The Commissioner of Competition appears to agree, but at the same time seems reluctant to advocate any change in the Act that is not supported by the small business sector.

You will recall that when we discussed Bill C-20, we originally proposed repealing the price discrimination [ provision] of the Act. However, we have encountered significant opposition from the small business community and we feel it should not be repealed unless small business is on side for such a repeal. [ Konrad von Finckenstein, 9:9:15]

The Committee heard somewhat to the contrary from the Canadian Chamber of Commerce, a group that was not enthusiastic about the usefulness of Canada’s price discrimination provision:

The current price discrimination provision in paragraph 50(1)(a) of the Act does not in fact protect small and medium-sized businesses from discrimination and has served little useful purpose since it was enacted in 1935. [Paul Crampton, 53:15:45]

Given these critical comments, the Committee was not surprised to hear the following statements from some members of the legal community:

I make a very nice living advising people how to avoid committing the offence of price discrimination. … I’ve never come across a situation where I thought there was any economic harm except the fees that they were paying me. Any of these amendments will be a competition lawyer’s employment bill. They’re great for me, but I don’t think that these provisions are good for the economy. Price discrimination, discriminatory allowances … they do nothing beneficial for the economy except legal fees. [ James Musgrove, 46:10:45]

This statement attests to Professor VanDuzer’s claim that the Competition Bureau’s Price Discrimination Guidelines are only partly successful at dispelling the chilling effect of the provision on the business community. Moreover, many witnesses appearing before the Committee went much further in their criticism of the current provision:

If given my choice, I would delete the price discrimination provisions completely and just use abuse if someone is abusing a dominant position through price discrimination. … The price discrimination law … has not been terribly effective but that might be just as well. The Americans, in the Robinson-Patman Act, have been tied in knots sometimes by small buyers trying to get discounts to which they aren’t even particularly entitled through the cost justification provisions. But I don’t think we want to go down that road ... [ Tom Ross, 46:9:20]
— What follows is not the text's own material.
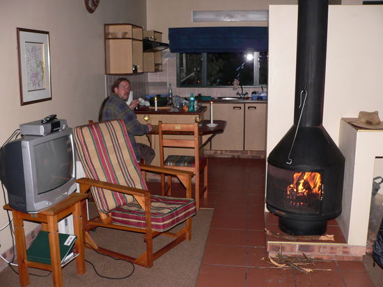Obwohl wir immer noch keinen Strom hatten genossen wir die Lage doch sehr. Das war doch mal Afrika pur. Gerit heizte dem offenen Kamin kräftig ein und ich kochte im Camper unser Abendessen. Wir waren an diesem Abend wohl die einzigen Gäste, die nicht im Restaurant zugegeben waren. Da nun Freitag war hatte sich das Camp mächtig gefüllt und so gut wie alle Chalets waren belegt. Ein Pärchen war sogar in der Honeymoonsuite - wie romantisch so ganz ohne Heizung und Strom!

Professor VanDuzer’s proposal, which was supported by many witnesses appearing before the Committee, is to shift price discrimination from the criminal to the civilly reviewable section of the Act, specifically as a type of abuse of dominance under section 79. This treatment would also be consistent with how other vertical behaviour is treated, notably refusal to deal (section 75) and tied selling (section 77).
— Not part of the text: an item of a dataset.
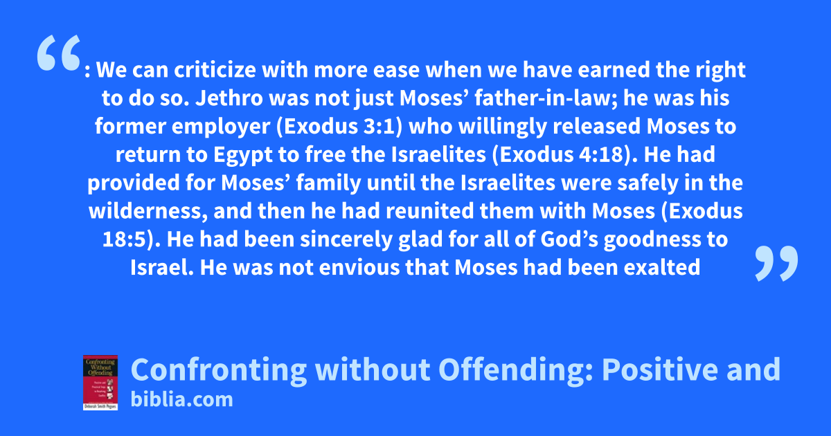 : We can criticize with more ease when we have earned the right to do so. Jethro was not just Moses’ father-in-law; he was his former employer (Exodus 3:1) who willingly released Moses to return to Egypt to free the Israelites (Exodus 4:18). He had provided for Moses’ family until the Israelites were safely in the wilderness, and then he had reunited them with Moses (Exodus 18:5). He had been sincerely glad for all of God’s goodness to Israel. He was not envious that Moses had been exalted

The Committee concludes that the time is right for changes to the Competition Act and therefore finds that:

13. The Government of Canada, after consulting with stakeholders, in particular with representatives of small businesses, should consider repealing the price discrimination provisions (sections 50(1)(a) and 51) of the Competition Act and include that prohibition under the reviewable civil section, possibly to be made applicable to the abuse of dominant position provision (section 79). The Government of Canada should also give consideration to ensuring that both the person in question has "market power" and the practice in question would "lessen competition substantially." Consideration should also be given to expanding the coverage of the provision to govern all products, including articles and services, and all transactions, not just sales. Consideration should be given to introducing enforcement guidelines for price discrimination under the abuse of dominant position provision.